■ What the task requires ■
Begin the copy at the line that contains "Vous l’avez compris, cette", end it at the last line of the entries below, keep every word exact, and include no pictures.

(Stored records)
--- --- ---
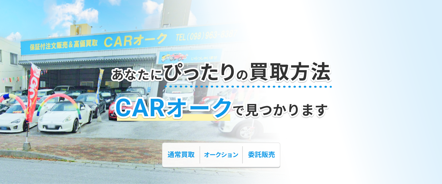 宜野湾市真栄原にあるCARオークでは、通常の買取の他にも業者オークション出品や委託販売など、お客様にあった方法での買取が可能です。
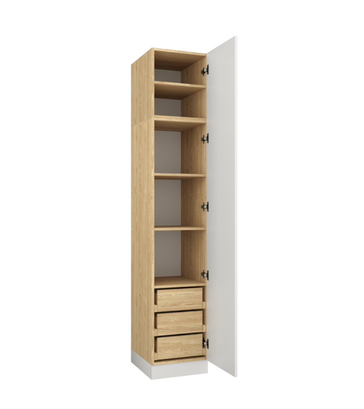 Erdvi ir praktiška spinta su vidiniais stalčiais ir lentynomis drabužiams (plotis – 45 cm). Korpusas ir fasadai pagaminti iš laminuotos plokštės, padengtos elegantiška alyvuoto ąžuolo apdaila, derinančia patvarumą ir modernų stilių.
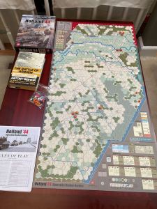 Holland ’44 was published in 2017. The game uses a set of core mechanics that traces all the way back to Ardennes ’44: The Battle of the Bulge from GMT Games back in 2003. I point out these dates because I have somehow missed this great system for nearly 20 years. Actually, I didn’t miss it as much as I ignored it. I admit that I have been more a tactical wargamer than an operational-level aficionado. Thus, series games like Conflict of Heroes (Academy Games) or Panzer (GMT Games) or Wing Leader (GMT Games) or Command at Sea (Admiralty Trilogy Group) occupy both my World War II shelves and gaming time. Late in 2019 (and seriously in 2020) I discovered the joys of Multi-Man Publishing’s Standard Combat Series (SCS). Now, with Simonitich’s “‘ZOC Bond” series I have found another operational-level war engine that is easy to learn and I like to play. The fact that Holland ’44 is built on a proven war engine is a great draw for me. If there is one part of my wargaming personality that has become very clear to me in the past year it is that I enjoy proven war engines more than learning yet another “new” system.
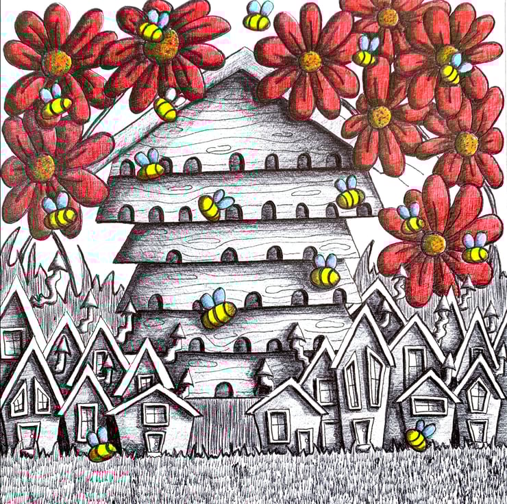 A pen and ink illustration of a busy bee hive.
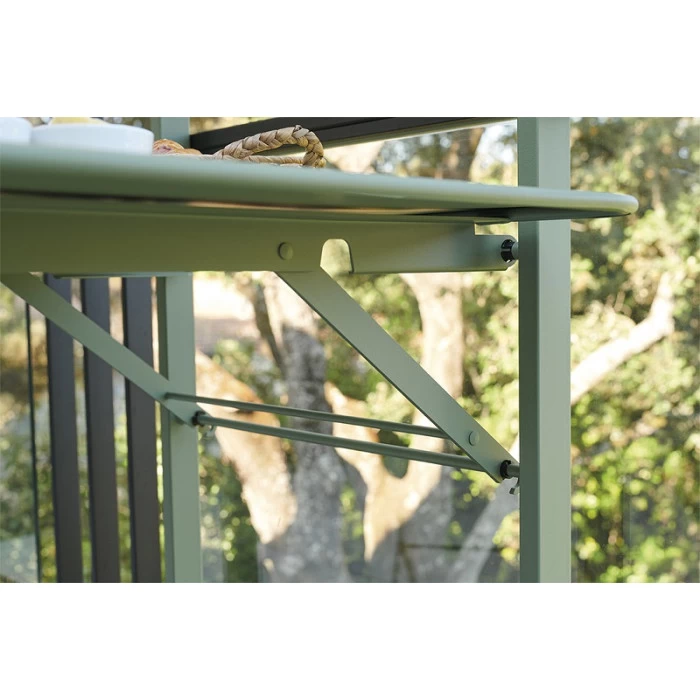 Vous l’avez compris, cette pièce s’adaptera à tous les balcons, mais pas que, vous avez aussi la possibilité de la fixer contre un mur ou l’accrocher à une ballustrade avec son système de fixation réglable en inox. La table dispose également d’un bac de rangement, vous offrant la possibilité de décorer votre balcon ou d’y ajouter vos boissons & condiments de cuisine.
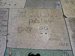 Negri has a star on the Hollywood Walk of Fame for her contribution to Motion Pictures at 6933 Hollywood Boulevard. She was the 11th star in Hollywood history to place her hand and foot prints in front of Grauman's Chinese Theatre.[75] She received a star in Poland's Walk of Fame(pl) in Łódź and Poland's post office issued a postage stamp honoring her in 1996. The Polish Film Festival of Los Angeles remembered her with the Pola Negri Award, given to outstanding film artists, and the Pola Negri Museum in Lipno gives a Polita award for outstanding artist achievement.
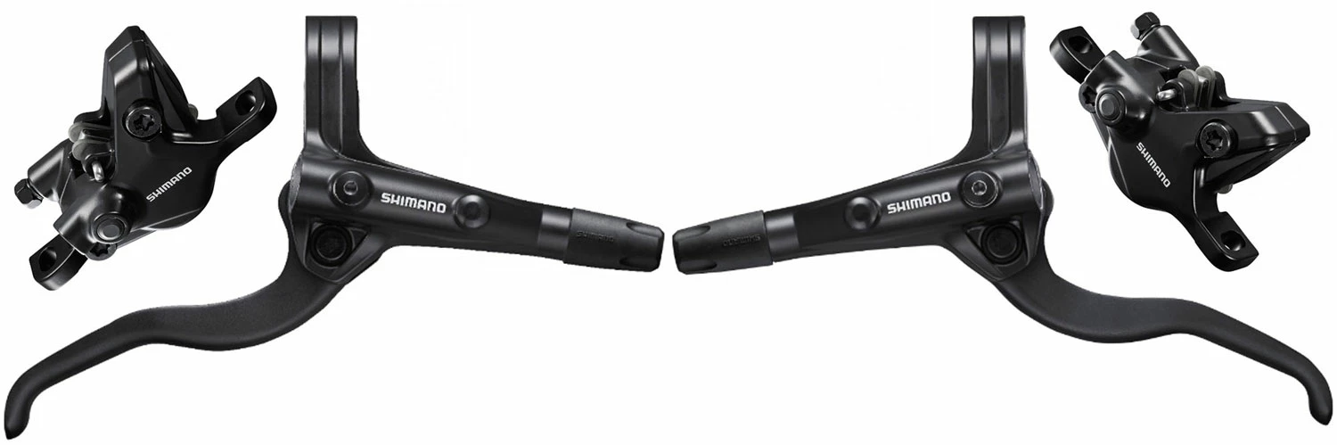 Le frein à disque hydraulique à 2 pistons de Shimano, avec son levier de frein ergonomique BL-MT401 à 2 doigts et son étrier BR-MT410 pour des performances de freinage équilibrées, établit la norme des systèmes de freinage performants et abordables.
--- --- ---
■ Task response ■
 Vous l’avez compris, cette pièce s’adaptera à tous les balcons, mais pas que, vous avez aussi la possibilité de la fixer contre un mur ou l’accrocher à une ballustrade avec son système de fixation réglable en inox. La table dispose également d’un bac de rangement, vous offrant la possibilité de décorer votre balcon ou d’y ajouter vos boissons & condiments de cuisine.
 Negri has a star on the Hollywood Walk of Fame for her contribution to Motion Pictures at 6933 Hollywood Boulevard. She was the 11th star in Hollywood history to place her hand and foot prints in front of Grauman's Chinese Theatre.[75] She received a star in Poland's Walk of Fame(pl) in Łódź and Poland's post office issued a postage stamp honoring her in 1996. The Polish Film Festival of Los Angeles remembered her with the Pola Negri Award, given to outstanding film artists, and the Pola Negri Museum in Lipno gives a Polita award for outstanding artist achievement.
 Le frein à disque hydraulique à 2 pistons de Shimano, avec son levier de frein ergonomique BL-MT401 à 2 doigts et son étrier BR-MT410 pour des performances de freinage équilibrées, établit la norme des systèmes de freinage performants et abordables.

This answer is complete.